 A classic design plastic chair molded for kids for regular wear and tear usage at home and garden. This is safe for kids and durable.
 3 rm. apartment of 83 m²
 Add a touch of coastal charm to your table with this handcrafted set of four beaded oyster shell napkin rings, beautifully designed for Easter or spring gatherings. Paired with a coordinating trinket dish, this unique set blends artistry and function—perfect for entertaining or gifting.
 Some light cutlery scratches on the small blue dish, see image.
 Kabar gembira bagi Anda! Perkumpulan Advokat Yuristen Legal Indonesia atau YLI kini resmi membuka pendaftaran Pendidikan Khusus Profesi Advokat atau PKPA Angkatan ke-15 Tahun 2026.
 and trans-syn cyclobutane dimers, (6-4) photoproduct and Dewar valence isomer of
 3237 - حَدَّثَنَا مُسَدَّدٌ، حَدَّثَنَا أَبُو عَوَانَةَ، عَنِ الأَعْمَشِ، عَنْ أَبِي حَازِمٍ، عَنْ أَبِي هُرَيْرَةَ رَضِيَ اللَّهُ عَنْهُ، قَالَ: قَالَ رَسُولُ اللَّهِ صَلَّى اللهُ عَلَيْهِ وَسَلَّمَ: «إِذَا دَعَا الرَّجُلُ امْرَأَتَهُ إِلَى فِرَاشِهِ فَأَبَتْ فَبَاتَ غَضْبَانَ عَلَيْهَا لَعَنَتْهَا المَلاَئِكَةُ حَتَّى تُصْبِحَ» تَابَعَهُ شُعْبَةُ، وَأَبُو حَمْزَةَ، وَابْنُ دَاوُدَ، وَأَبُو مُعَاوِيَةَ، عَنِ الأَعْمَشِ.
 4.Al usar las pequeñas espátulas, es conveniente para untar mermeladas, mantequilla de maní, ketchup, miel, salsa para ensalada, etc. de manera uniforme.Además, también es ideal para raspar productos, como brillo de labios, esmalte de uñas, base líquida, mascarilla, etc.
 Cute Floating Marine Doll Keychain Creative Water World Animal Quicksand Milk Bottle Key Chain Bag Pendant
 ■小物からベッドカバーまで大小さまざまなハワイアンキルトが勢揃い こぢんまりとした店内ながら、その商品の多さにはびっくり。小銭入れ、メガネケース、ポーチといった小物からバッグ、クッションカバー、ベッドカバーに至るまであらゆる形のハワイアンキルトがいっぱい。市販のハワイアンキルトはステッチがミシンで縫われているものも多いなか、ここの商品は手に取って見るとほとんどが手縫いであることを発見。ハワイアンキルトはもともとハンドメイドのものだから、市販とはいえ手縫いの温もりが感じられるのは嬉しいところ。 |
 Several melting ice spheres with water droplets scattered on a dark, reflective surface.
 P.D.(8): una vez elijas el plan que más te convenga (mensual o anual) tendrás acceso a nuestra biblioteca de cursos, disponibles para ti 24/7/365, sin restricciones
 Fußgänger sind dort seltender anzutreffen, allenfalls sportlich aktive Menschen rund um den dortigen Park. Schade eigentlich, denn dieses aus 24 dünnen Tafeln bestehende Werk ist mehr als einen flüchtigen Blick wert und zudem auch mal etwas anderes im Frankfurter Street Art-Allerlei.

○ ○ ○ ○ ○ ○ ○

• **REQUIRED ACTION**:
Would you please repeat exactly the lines above, starting at the line with "3 rm. apartment of 83 m²" and stopping at the line with "3237 - حَدَّثَنَا", both included?

• **TASK RESULT**:
 3 rm. apartment of 83 m²
 Add a touch of coastal charm to your table with this handcrafted set of four beaded oyster shell napkin rings, beautifully designed for Easter or spring gatherings. Paired with a coordinating trinket dish, this unique set blends artistry and function—perfect for entertaining or gifting.
 Some light cutlery scratches on the small blue dish, see image.
 Kabar gembira bagi Anda! Perkumpulan Advokat Yuristen Legal Indonesia atau YLI kini resmi membuka pendaftaran Pendidikan Khusus Profesi Advokat atau PKPA Angkatan ke-15 Tahun 2026.
 and trans-syn cyclobutane dimers, (6-4) photoproduct and Dewar valence isomer of
 3237 - حَدَّثَنَا مُسَدَّدٌ، حَدَّثَنَا أَبُو عَوَانَةَ، عَنِ الأَعْمَشِ، عَنْ أَبِي حَازِمٍ، عَنْ أَبِي هُرَيْرَةَ رَضِيَ اللَّهُ عَنْهُ، قَالَ: قَالَ رَسُولُ اللَّهِ صَلَّى اللهُ عَلَيْهِ وَسَلَّمَ: «إِذَا دَعَا الرَّجُلُ امْرَأَتَهُ إِلَى فِرَاشِهِ فَأَبَتْ فَبَاتَ غَضْبَانَ عَلَيْهَا لَعَنَتْهَا المَلاَئِكَةُ حَتَّى تُصْبِحَ» تَابَعَهُ شُعْبَةُ، وَأَبُو حَمْزَةَ، وَابْنُ دَاوُدَ، وَأَبُو مُعَاوِيَةَ، عَنِ الأَعْمَشِ.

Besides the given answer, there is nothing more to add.